Congress Passes Law That Will Help Reduce Financial Burdens of Living With ALS

Today, the House of Representatives passed the Inflation Reduction Act, H.R. 5376, with a vote of 220-207, which includes important health care reforms that will provide financial relief for people living with ALS and their families.

The Inflation Reduction Act, which also includes climate and tax provisions, will cap the out-of-pocket costs that Medicare beneficiaries pay for their prescription drugs under Part D at $2,000 a year. In addition, there will be a cap and a reduction on the coinsurance rate for Medicare Part D beneficiaries. This is a significant change that we expect will have a positive impact on the financial health of people living with ALS who are on Medicare.

“ALS imposes a heavy financial burden on people living with the disease.
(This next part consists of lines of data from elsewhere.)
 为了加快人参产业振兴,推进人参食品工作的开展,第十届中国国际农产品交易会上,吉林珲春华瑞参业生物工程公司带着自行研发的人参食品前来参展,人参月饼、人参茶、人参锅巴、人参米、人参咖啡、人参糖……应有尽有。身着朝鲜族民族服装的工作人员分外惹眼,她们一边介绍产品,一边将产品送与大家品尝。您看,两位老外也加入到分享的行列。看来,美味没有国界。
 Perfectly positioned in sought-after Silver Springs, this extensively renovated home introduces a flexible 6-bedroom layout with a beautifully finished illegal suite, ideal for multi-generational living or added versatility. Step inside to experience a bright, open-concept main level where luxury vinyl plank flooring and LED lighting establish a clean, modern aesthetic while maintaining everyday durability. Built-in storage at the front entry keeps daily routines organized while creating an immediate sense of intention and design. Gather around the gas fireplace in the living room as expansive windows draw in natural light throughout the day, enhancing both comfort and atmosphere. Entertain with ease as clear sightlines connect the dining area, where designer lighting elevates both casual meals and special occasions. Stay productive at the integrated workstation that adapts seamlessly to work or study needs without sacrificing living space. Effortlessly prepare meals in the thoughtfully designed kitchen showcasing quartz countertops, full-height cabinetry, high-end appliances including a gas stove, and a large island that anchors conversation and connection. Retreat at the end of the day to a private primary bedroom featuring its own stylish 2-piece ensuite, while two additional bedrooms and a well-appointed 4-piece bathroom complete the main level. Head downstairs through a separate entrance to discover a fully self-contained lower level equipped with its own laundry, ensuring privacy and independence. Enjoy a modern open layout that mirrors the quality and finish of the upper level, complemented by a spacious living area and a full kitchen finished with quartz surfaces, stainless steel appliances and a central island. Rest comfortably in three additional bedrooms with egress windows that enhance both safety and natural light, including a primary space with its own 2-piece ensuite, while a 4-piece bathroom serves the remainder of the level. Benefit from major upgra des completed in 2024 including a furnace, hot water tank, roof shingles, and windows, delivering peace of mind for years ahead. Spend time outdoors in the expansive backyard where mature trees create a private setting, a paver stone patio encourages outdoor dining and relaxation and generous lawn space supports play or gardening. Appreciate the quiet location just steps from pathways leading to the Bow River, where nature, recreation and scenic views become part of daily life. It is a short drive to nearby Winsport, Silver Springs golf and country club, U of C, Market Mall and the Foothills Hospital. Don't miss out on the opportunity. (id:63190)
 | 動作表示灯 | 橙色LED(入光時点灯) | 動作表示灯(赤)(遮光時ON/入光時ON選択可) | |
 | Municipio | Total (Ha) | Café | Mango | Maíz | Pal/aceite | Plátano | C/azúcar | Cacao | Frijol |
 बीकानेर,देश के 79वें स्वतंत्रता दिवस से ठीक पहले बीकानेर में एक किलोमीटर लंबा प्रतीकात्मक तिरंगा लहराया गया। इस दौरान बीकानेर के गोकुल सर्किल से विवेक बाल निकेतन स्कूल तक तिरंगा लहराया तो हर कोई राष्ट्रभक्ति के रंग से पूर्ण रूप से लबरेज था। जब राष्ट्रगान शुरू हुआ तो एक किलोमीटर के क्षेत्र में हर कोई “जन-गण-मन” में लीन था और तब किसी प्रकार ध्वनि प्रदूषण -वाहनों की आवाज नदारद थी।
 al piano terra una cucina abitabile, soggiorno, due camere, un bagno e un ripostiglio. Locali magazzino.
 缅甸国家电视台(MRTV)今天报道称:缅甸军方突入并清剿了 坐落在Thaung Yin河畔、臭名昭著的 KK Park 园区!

This cap on out-of-pocket expenses is an important step in reducing that burden by making sure people living with ALS can pay for their prescription drugs. We are grateful to those in Congress who worked with us on this provision and applaud this step forward to reducing drug costs for people living with ALS,” said Dr. Neil Thakur, chief mission officer of The ALS Association.
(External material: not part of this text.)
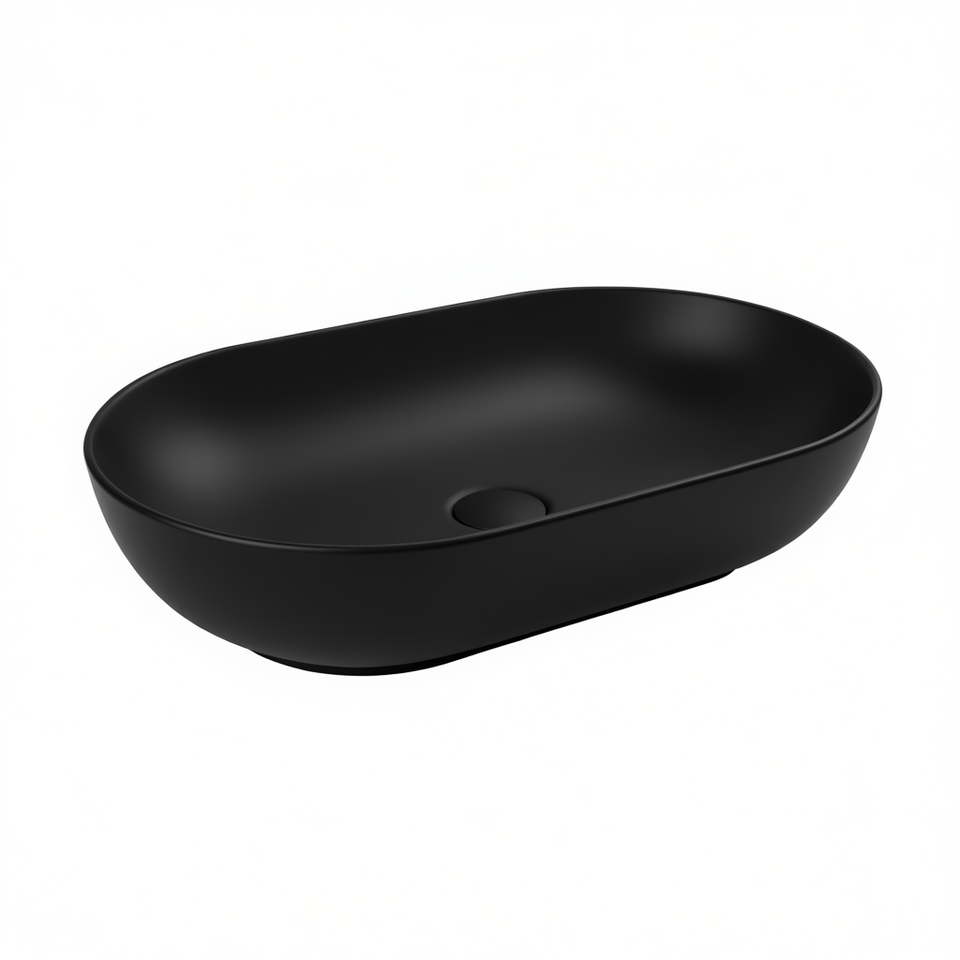 Lavabo de comptoir ovale 61,5 cm noir mat pour salle de bain
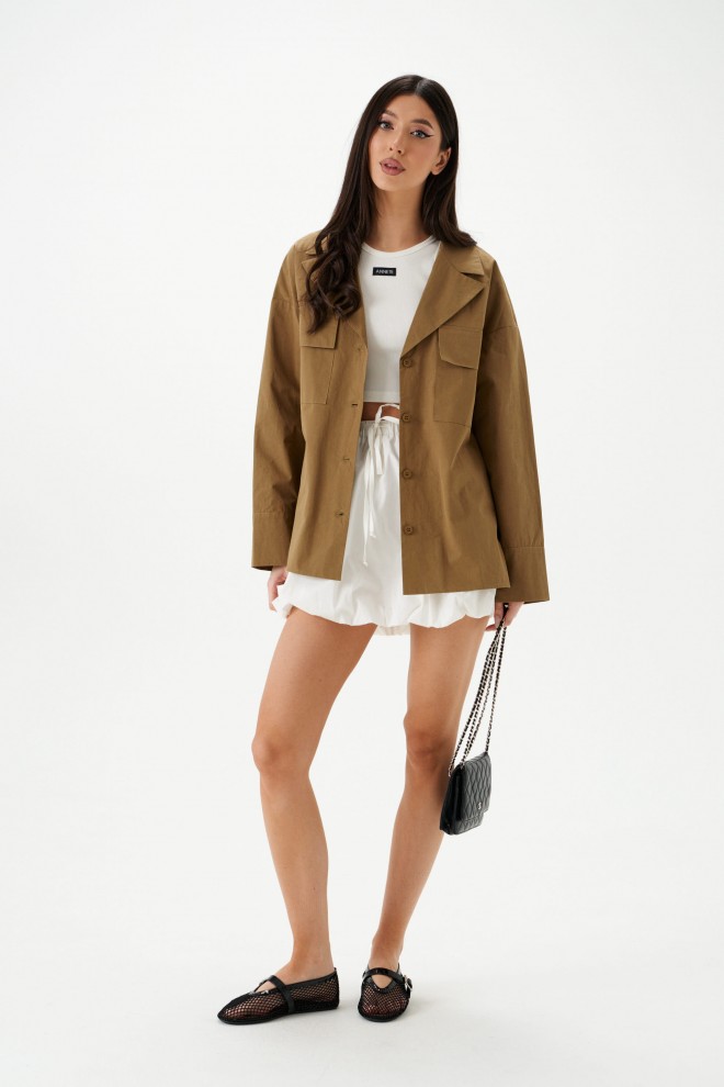Блузка прямого свободного кроя выполнена из хлопка цвета хаки. Характеристики: Прямой крой, воротник пиджачного типа, функциональные накладные карманы по переду изделия, разрезы в боковых швах. Рукав втачной, немного спущен, по низу рукава широкий манжет. Длина по спинке 69 см, длина рукава от горловины 76 см

Although these landmark prescription drug reforms will begin in a few years, people currently on a health plan through the Affordable Care Act marketplace can continue to receive insurance premium tax credits through 2025. These tax credit will help lower the cost of insurance premiums.

The final legislation did not include a provision, offered as an amendment during debate on the bill by Sen. John Barasso (R-Wyo.), that would have banned the use of quality-adjusted-life-year (QALY) assessments in Medicare. We will continue to oppose to the use of QALY in coverage determinations for ALS patients, agreeing with the National Council on Disabilities that the metric devalues the life of and discriminates against those with disabilities.

The Association continues to work with Congress and the Administration to advance our public policy priorities.